• [How to complete this task] Word for word, print each line of the listing below; pictures stay out.

• [Data listing]
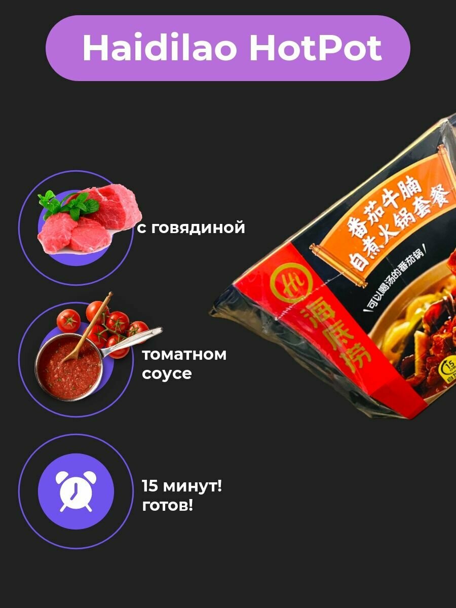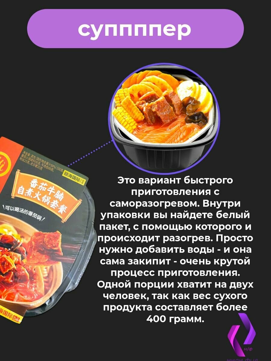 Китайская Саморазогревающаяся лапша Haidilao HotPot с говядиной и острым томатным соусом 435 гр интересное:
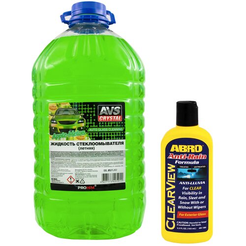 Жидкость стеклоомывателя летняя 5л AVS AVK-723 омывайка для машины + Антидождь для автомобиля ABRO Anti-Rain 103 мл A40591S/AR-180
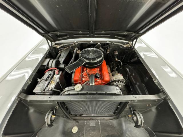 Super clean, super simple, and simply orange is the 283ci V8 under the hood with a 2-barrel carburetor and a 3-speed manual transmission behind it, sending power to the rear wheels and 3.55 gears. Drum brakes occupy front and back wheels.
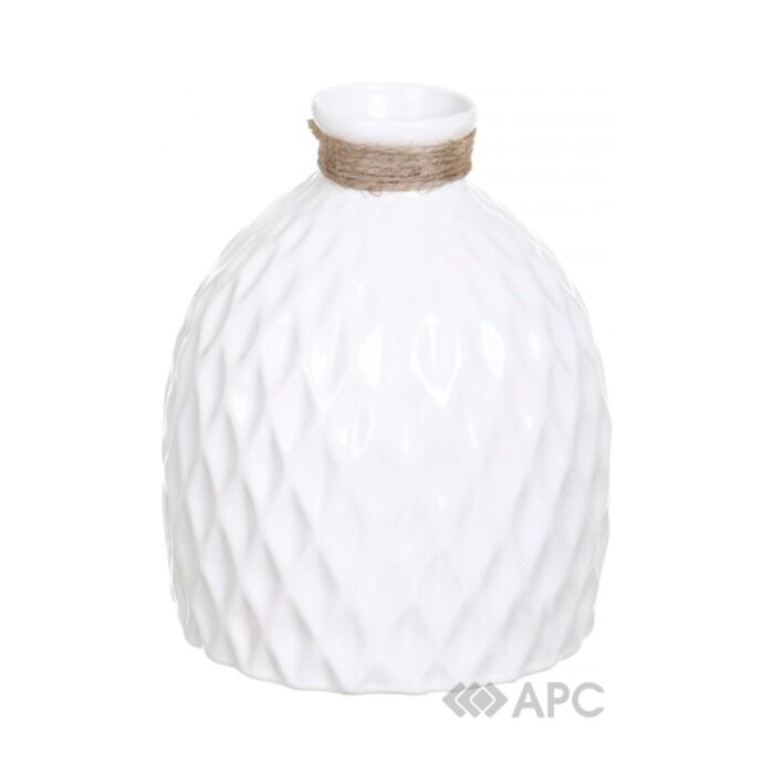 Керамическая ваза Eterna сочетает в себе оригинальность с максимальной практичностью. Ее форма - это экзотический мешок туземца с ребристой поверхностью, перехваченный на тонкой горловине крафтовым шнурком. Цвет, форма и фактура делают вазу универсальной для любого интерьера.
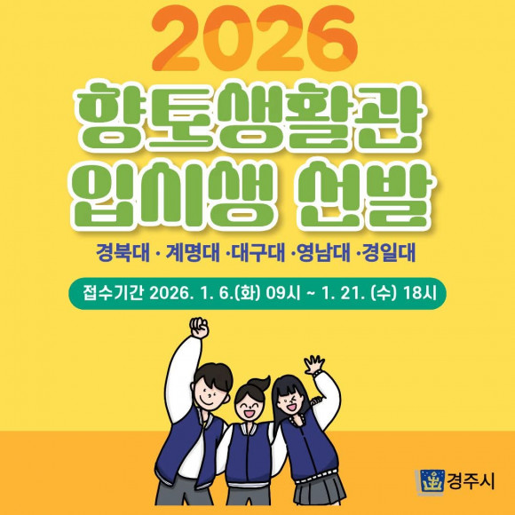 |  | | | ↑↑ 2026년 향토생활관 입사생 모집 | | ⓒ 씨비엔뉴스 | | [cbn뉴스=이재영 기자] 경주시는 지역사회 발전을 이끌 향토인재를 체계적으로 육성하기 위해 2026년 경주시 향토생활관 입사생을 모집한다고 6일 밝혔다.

• [Answer below]
 Китайская Саморазогревающаяся лапша Haidilao HotPot с говядиной и острым томатным соусом 435 гр интересное:
 Жидкость стеклоомывателя летняя 5л AVS AVK-723 омывайка для машины + Антидождь для автомобиля ABRO Anti-Rain 103 мл A40591S/AR-180
 Super clean, super simple, and simply orange is the 283ci V8 under the hood with a 2-barrel carburetor and a 3-speed manual transmission behind it, sending power to the rear wheels and 3.55 gears. Drum brakes occupy front and back wheels.
 Керамическая ваза Eterna сочетает в себе оригинальность с максимальной практичностью. Ее форма - это экзотический мешок туземца с ребристой поверхностью, перехваченный на тонкой горловине крафтовым шнурком. Цвет, форма и фактура делают вазу универсальной для любого интерьера.
 |  | | | ↑↑ 2026년 향토생활관 입사생 모집 | | ⓒ 씨비엔뉴스 | | [cbn뉴스=이재영 기자] 경주시는 지역사회 발전을 이끌 향토인재를 체계적으로 육성하기 위해 2026년 경주시 향토생활관 입사생을 모집한다고 6일 밝혔다.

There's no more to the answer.